Tufts Office of the Provost hosts virtual program on anti-Asian racism, COVID-19 impact

The Asian American Center is pictured on Nov. 20, 2017. Seohyun Shim / The Tufts Daily Archives

The Tufts Office of the Provost hosted a webinar titled “Voices from Chinatown: Resilience in the time of COVID-19 and Anti-Asian Racism” on Friday, Dec. 4. The program, which over 200 people attended, consisted of presentations from multiple community members about the impact of COVID-19 on anti-Asian racism.

The webinar was co-sponsored by the International Center, the Asian American Center, the Tufts Asian and Asian American Affinity Group, the Jonathan M. Tisch College of Civic Life, Tufts University School of Medicine, the Office of Government and Community Relations and Addressing Disparities in Asian Populations Through Translational Research, or ADAPT. 

Maren Greathouse, associate director of diversity and inclusion education for the Medford/Somerville and School of the Museum of Fine Arts campuses, wrote in an email to the Daily that a planning committee composed of faculty and staff from across the university brought together three speakers: Jeenah Hah from the Asian Community Development Corporation (ACDC), Chu Huang from the Chinatown Resident Association and Yoyo Yau from the Boston Chinatown Neighborhood Center (BCNC).

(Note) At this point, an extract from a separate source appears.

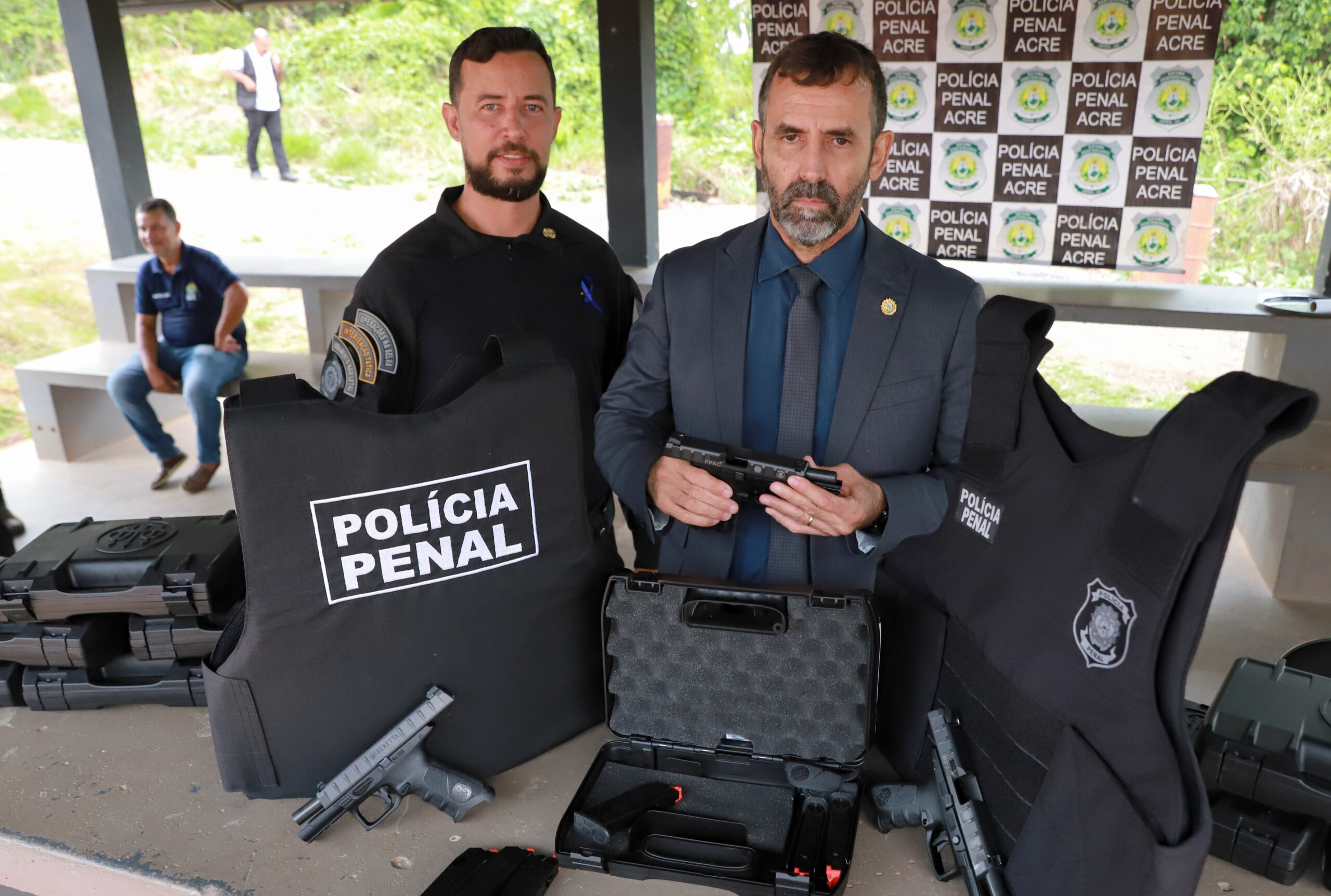Foram entregues 1.200 Pistolas semiautomáticas Beretta APX Full Size calibre .40S&W, com acessórios, peças de reposição e 570 Coletes balísticos nível 3A. Com as novas aquisições, a Polícia Penal trabalhará mais qualificada e apropriada para os profissionais da segurança pública.

Adriana Black, associate director for diversity and inclusion education for Tufts’ health sciences campuses, opened the program by acknowledging the efforts of the planning committee and discussed the university’s creation of five workstreams that guide Tufts’ anti-racist work.

“It was important for our team to begin this event with a land acknowledgment that centers on both the genocide and resilience that Indigenous communities have faced since the inception of the colonial project,” Black said. “We also want to acknowledge that many recent university-wide efforts that have taken place over the last six months occurred due to the persistent anti-Black sentiment and the brutal murder of Black American man, George Floyd.”

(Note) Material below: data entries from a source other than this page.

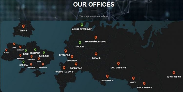 Сейчас офисы находятся в следующих городах и странах – отмечены зеленым.
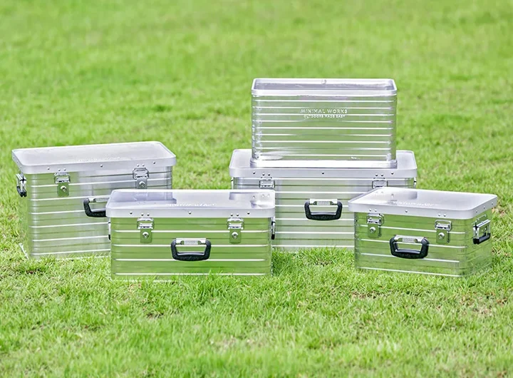 アルミコンテナは布製や樹脂製コンテナと比べ、火や水、衝撃にも強く頑丈。多少雑に扱うくらいでちょうどいい。傷や汚れも時間と共に味わいに変わっていく経年変化を楽しめるのも金属素材ならでは。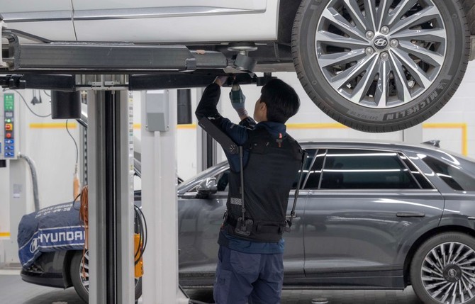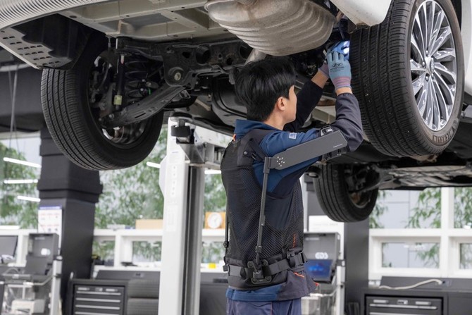 현대차 고양하이테크센터에서 작업자가 '엑스블 숄더'를 착용하고 차량 하부를 정비하는 모습. ⓒ 현대자동차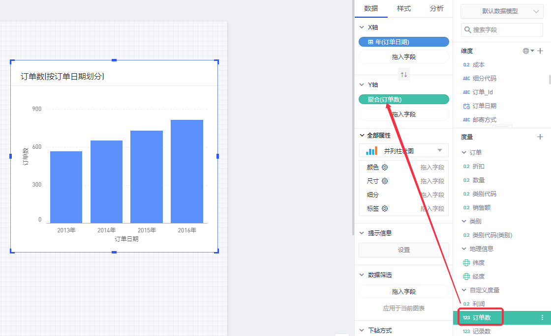 | SUM | 求和聚合,返回表达式中所有值的总计。SUM 只能用于数字字段。会忽略 Null 值。 | SUM(表达式) | SUM([销售额]) |

Carolyn Rubin, assistant professor of public health and community medicine at theSchool of Medicine, moderated the event. She began with a history of Chinatown, discussing the impact that urban renewal projects had on the area.

“Chinatowns began as safe havens for these early settlers and have become vital to the development of the nation,” Rubin said. “Starting in the 1950s, Chinatown was part of a series of urban renewal projects that would result in the neighborhood, literally being cut in half for the construction of the central artery and the Massachusetts Turnpike, because the priority was to bring the white working middle class back into the city.”

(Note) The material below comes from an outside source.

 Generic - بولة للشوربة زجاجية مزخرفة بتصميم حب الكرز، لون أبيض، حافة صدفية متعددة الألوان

According to Rubin, anti-Asian rhetoric has increased substantially during the COVID-19 pandemic.

“There have been over 2,000 documented instances of anti-Asian discrimination and we are a community that under reports,” she said.  

Hah then presented about the history of Hudson Street and her work with the ACDC to rebuild it.

“Hudson Street was like the front stoop of Chinatown,” Hah said. “After almost 10 years of organizing, ACDC and community organizations really fought to win back the land and build close to 150 affordable homes, called One Greenway.”

The ACDC worked with community members to create a new, inclusive vision for the area, Hah said.

“We asked our residents: What would it look like for you to belong? For you to not just live here and have a home, but really heal the social amnesia that actually happens in the public space, as all this displacement has been traumatizing this community,” she said.

Yau later spoke about the support services BCNC has provided in Chinatown in recent months.

“A typical Chinatown family we serve at BCNC, they have limited English, [are] immigrants, low income, working-class, a household that usually lives in a two-bedroom unit that includes six to eight members,” Yau said. “I want to highlight some positive characteristics. They demonstrate very strong resiliency.”

Huang’s presentation about university and community relations discussed how the Josiah Quincy Elementary School serves as an example of a space that is being used to benefit the community. She encouraged the Tufts community to consider how it can create more partnerships with Chinatown constituents.

“I really want to push you and encourage you to be brave and think about what are some privileges that you have and how can you make sure that neighbors in the community of Chinatown can also gain that kind of access,” she said. “What are some equitable services that you can offer and provide to the community?”

In a later email to the Daily, Shirley Mark, director of community partnerships at the Jonathan M. Tisch College of Civic Life, expanded on the purpose of the event and wrote that she believes Tufts has a responsibility to its partners in Chinatown, especially given the location of the health sciences campuses.

“Chinatown is home to the Health Sciences campus — schools of medicine, nutrition, dental medicine, and more,” she said. “The university has extensive relationships and many partnerships with Chinatown organizations and businesses.”

Greathouse echoed the importance of centering Asian American voices. 

“It is critical that the issues facing Asian and Asian American residents of the Boston Metro area be discussed within the Tufts community. We interact with these community partners every day and have a responsibility to center the lived experiences of Asian and Asian American voices,” she said.